• [Given data]:
══════════════════════════════
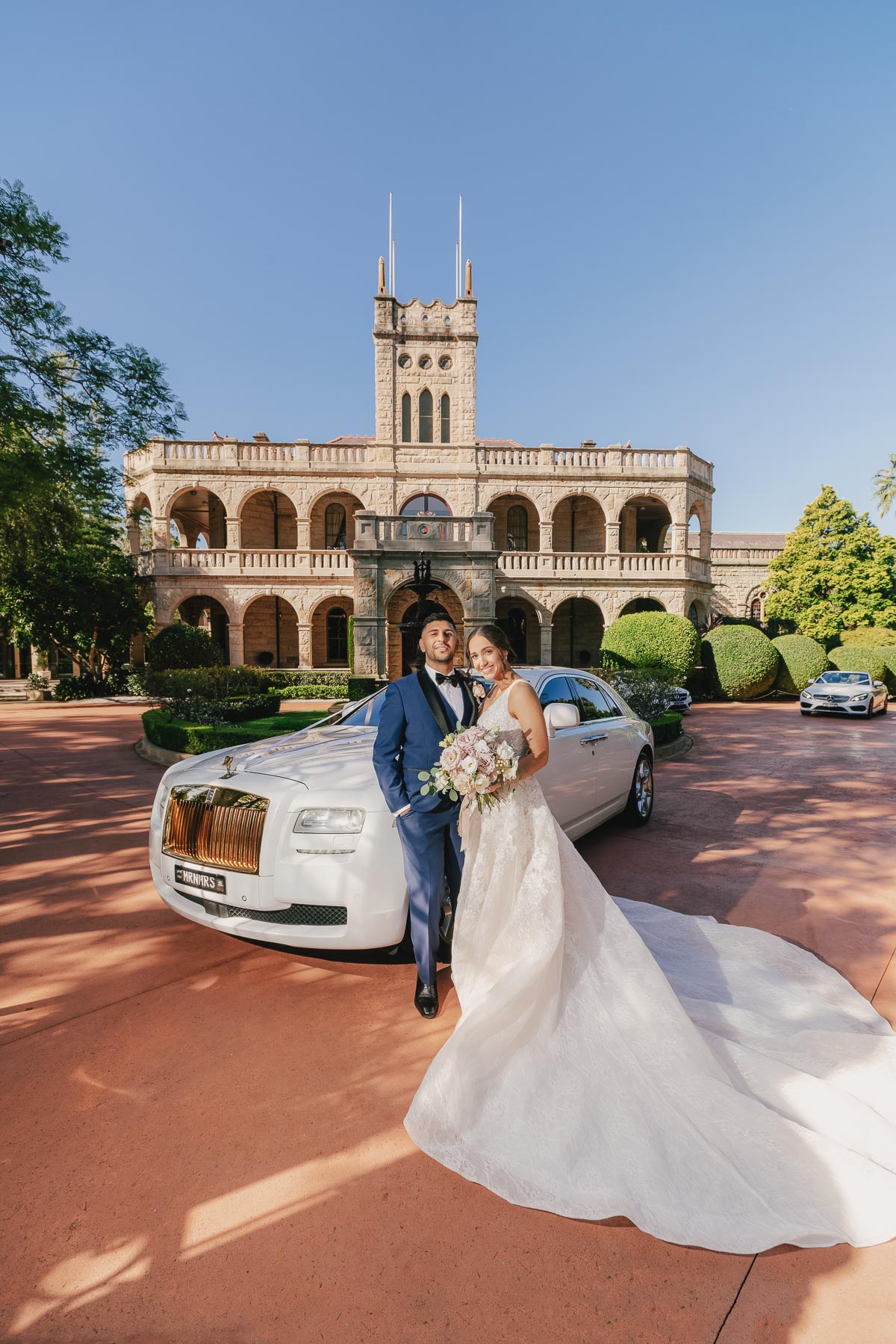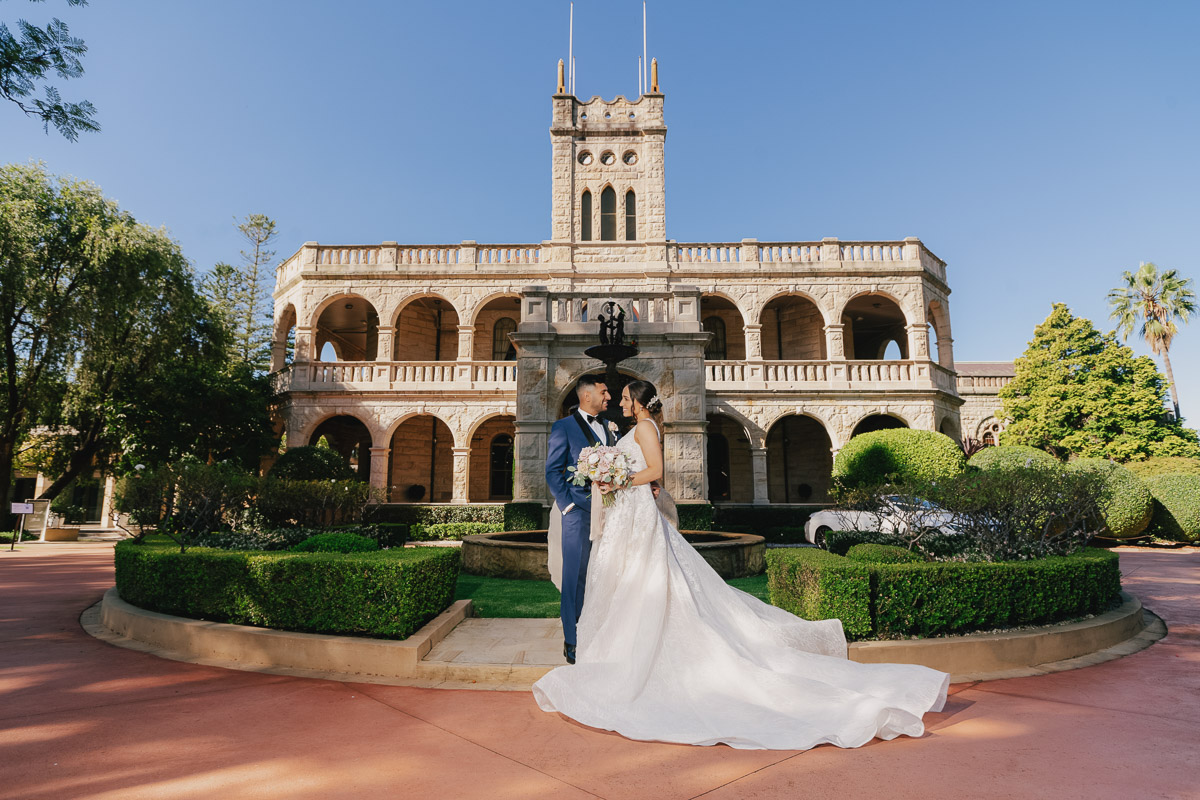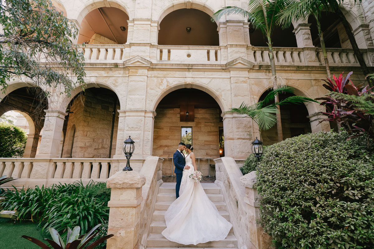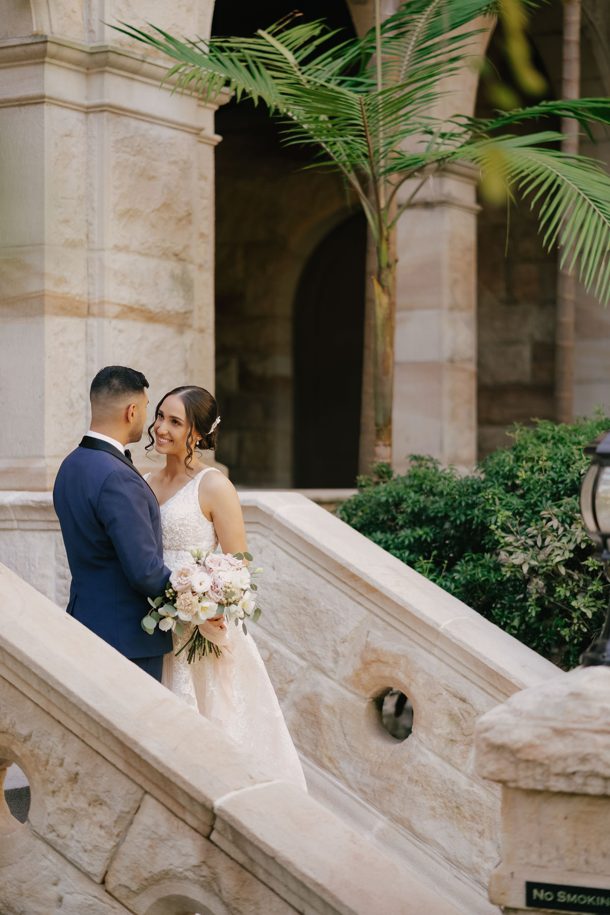 The classic stone buildings look magnificent. Having a great background helps when taking these wedding photos. And the bride and groom look so great.
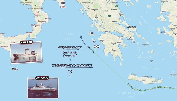 Χθες, το πλοίο ανεφοδιάστηκε με καύσιμα μια κορβέτα κλάσης Steregushchiy νότια της Κρήτης, γεγονός που μας κάνει να πιστεύουμε ότι και αυτό το πλοίο πλέει με το Akademik Pashin (όπως έκανε τον Δεκέμβριο).
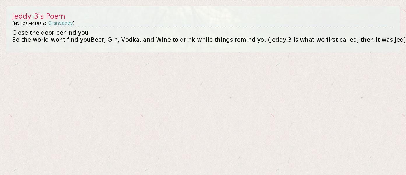 А как ты думаешь, о чем песня "Jeddy 3's Poem" ?
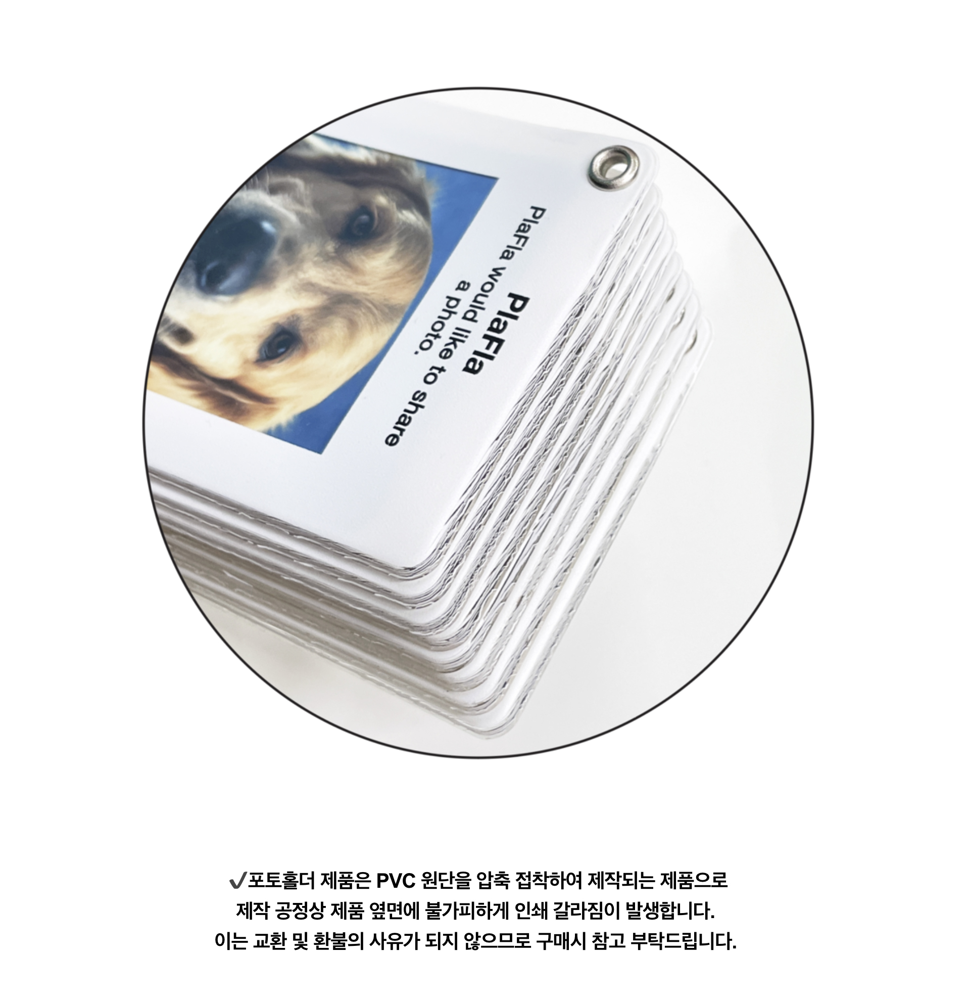 반명함판 사이즈의 사진을 넣어 사용할 수 있는 PVC 소재의 포토홀더 입니다. 사진과 카드를 함께 넣어 가벼운 카드지갑으로도 사용할 수 있습니다. 30*40mm 사진 삽입칸 1개, 신용카드 또는 55*85mm의 포토카드를 넣을 수 있는 별도 칸 1개로 구성되어 카드를 꺼내어 사용할 때 생기는 접촉으로 인한 사진의 손상을 최소화 할 수 있습니다. *연출 사진에 들어간 삽지 1매는 기본 구성품에 포함되어 있으며, 양면 인쇄 사양으로 구성되어 두 면 중 원하는 뱡향으로 넣어 사용 할 수 있습니다. |
══════════════════════════════
• [Prompt]: Set the listing above down again exactly, leaving pictures out.

• [Exercise result]:
 The classic stone buildings look magnificent. Having a great background helps when taking these wedding photos. And the bride and groom look so great.
 Χθες, το πλοίο ανεφοδιάστηκε με καύσιμα μια κορβέτα κλάσης Steregushchiy νότια της Κρήτης, γεγονός που μας κάνει να πιστεύουμε ότι και αυτό το πλοίο πλέει με το Akademik Pashin (όπως έκανε τον Δεκέμβριο).
 А как ты думаешь, о чем песня "Jeddy 3's Poem" ?
 반명함판 사이즈의 사진을 넣어 사용할 수 있는 PVC 소재의 포토홀더 입니다. 사진과 카드를 함께 넣어 가벼운 카드지갑으로도 사용할 수 있습니다. 30*40mm 사진 삽입칸 1개, 신용카드 또는 55*85mm의 포토카드를 넣을 수 있는 별도 칸 1개로 구성되어 카드를 꺼내어 사용할 때 생기는 접촉으로 인한 사진의 손상을 최소화 할 수 있습니다. *연출 사진에 들어간 삽지 1매는 기본 구성품에 포함되어 있으며, 양면 인쇄 사양으로 구성되어 두 면 중 원하는 뱡향으로 넣어 사용 할 수 있습니다. |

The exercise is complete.